You're further south than me, with the additional moisture from the gulf...
I'm actually in the ozarks.
I wish that your profile reflected this....
Anytime I try to discuss growing stuff... I always check to see where the OP is gardening (whether in this forum or any other) It makes a huge difference in the advice that I'm going to offer.
When I read "gulf coast", I think lower alabama/florida panhandle... and make statements relative to those conditions.
The Ozarks get pretty good rain... comparatively speaking... And... yes, I know about that cracked clay in August.... but you have a nice long spring... with the rains associated with that...
Spring here now... with frost until the middle of April.... summer starts soon after... Interesting gardening in that....
Gardening in the clay.... gonna be different plants thriving in that...
Sun chokes (ja), should be a good choice... If you ever get a deer fence!
Not sure what kind of food you can grow without fencing...
Have you considered something like hardy orange or osage orange as organic fencing?
Neither of them grow well enough in my sand to work.... I seem to need to create a garden before I can even get them to grow!
Working now on rooting roses for planting next to the existing deer fence...
Have you tried any of the chenopodium species?
Most people are familiar with chenopodium album, I have a better variety, chenopodium giganteum... But... I have to fence it in.... to prevent the deer from killing it....
Here's a neat post from tumblr:
So I just learned something that ****es me off.
Y’know quinoa? The ~magical~ health food that has become so popular in the US that a centuries-long tradition of local, sustainable, multi-crop farming is being uprooted to mass-produce it for the global market? Potentially affecting food stability and definitely effecting environmental stability across the region?
Ok, cool.
Y’know Lamb’s Quarter? A common weed throughout the continental US, tolerant of a wide variety of soil conditions including the nutrient-poor and compacted soils common in cities, to the point where it thrives in empty lots?
These plants are close relatives, and produce extremely similar seeds. Lamb’s quarter could easily be grown across the US, in people’s backyard and community gardens, as a low-cost and local alternative to quinoa with no sketchy geopolitical impacts. You literally don’t have to nurture it at all, it’s a ******* weed, it’ll be fine. Put it where your lawn was, it’ll probably grow better than the grass did. AND you can eat the leaves - they taste almost exactly like spinach.
This just… drives home, again, that a huge part of the appeal of “superfoods” is the sense of the exotic.
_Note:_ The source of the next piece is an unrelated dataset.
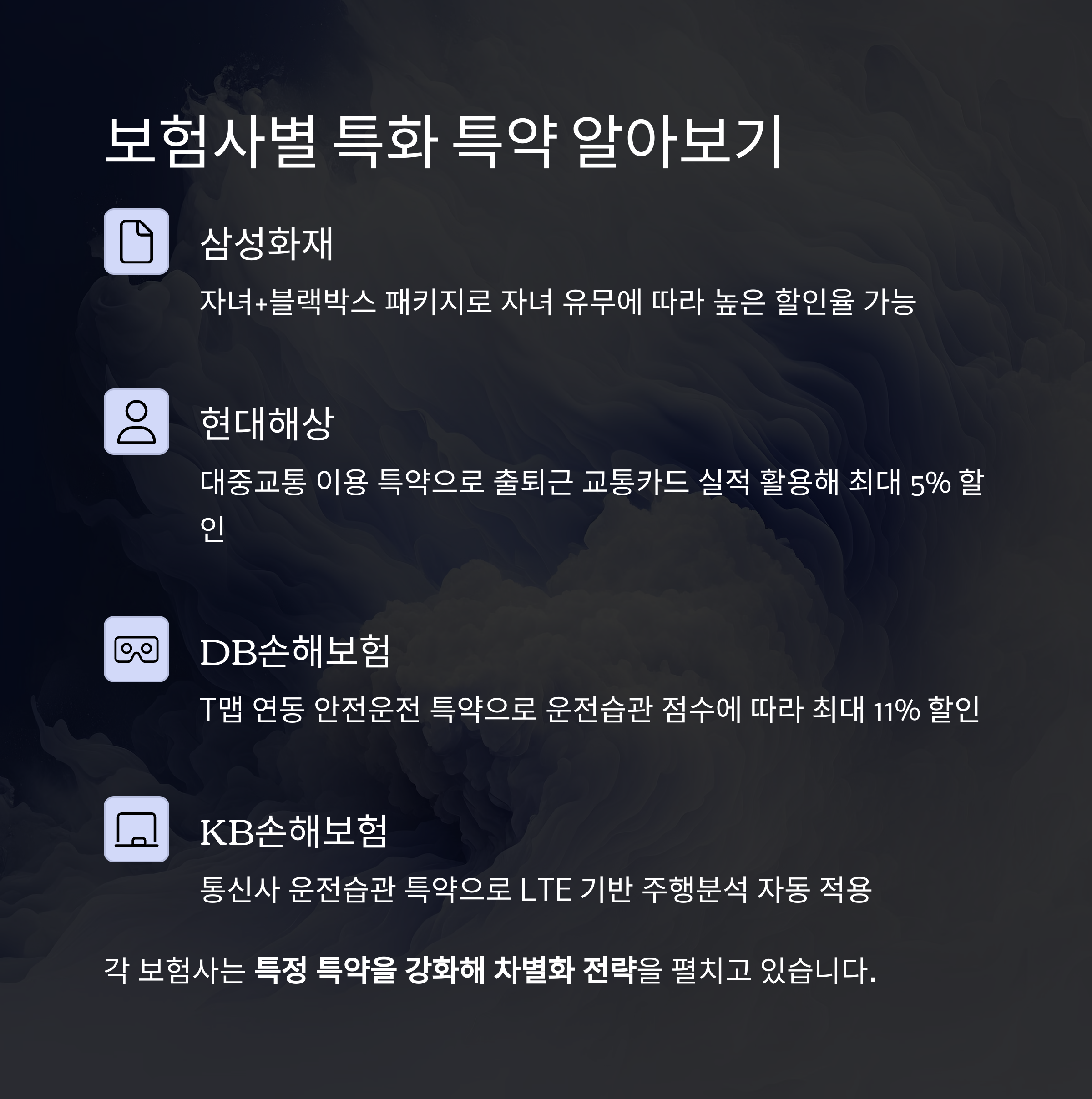 | 삼성화재 | 자녀+블랙박스 패키지 | 자녀 유무에 따라 높은 할인율 가능 |

For whatever nutritional benefits quinoa does have, the marketing strategy is still driven by an undercurrent of orientalism. You too could eat this food, grown laboriously by farmers in the remote Andes mountains! You too could grow strong on the staple crop that has sustained them for centuries! And, y’know, destroy that stable food system in the process. Or you could eat this near-identical plant you found in your backyard.